Bloomberg polled economists to see the 2024 inflation projection at 2%. This is a significant increase from March’s level of 1%. That would satisfy the ECB’s requirement that price growth not only quickens for a brief period, but remains elevated over the medium term.

After net bond-buying has been ended, the result will be the first rate rise in over a decade. How much will it increase is still the topic of intense debate in the Governing Council. Some want a half point hike.

The majority of economists only see two quarter-point movements — September and next month. Bank of America (NYSE 🙂 changed its mind last week and predicted steps of twice that amount at both meetings.
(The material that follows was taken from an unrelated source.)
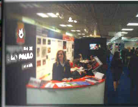
Prefeito em São Paulo no MIPIM 2010.

Lagarde has portrayed Russia’s invasion as a pivotal moment that may prove to be a “tipping point for hyper-globalization,” while speeding up the green transition — both implying more durable inflation pressure. She’s charted a course out of subzero rates by October in a return to more “normal” settings.

But despite the ECB acting much more slowly than its peers, some still fret that it’s moving too rapidly as the continent’s pandemic rebound runs up against the price shock and dwindling confidence over the war.

As the cost of staples soars, almost half of German citizens say they’ve had to cut back strongly or very strongly on consumption, according to a survey published last week.

“There seems to be a priority in this Governing Council to signal they’re doing something on inflation even though there are growth risks,” said Evelyn Herrmann, an economist at Bank of America in Paris. “It’s a very single-sided discussion that largely ignores risks that inflation could move the exact opposite way.”

These calls to slow down in order to take into account the uncertain economic climate have been less frequent. But even when they’ve come — like from dovish Executive Board member Fabio Panetta — there’s been an acknowledgment too that rates must rise from record lows to keep price expectations in check.

Spain’s Pablo Hernandez de Cos, another dove, last week summed up the change of tone that’s left only the size of the initial rate hike in question.

While stressing that policy-normalization must be “gradual,” he said, “it’s crucial that inflation expectations remain anchored and significant indirect or second-round effects that could put that anchoring at risk are avoided.”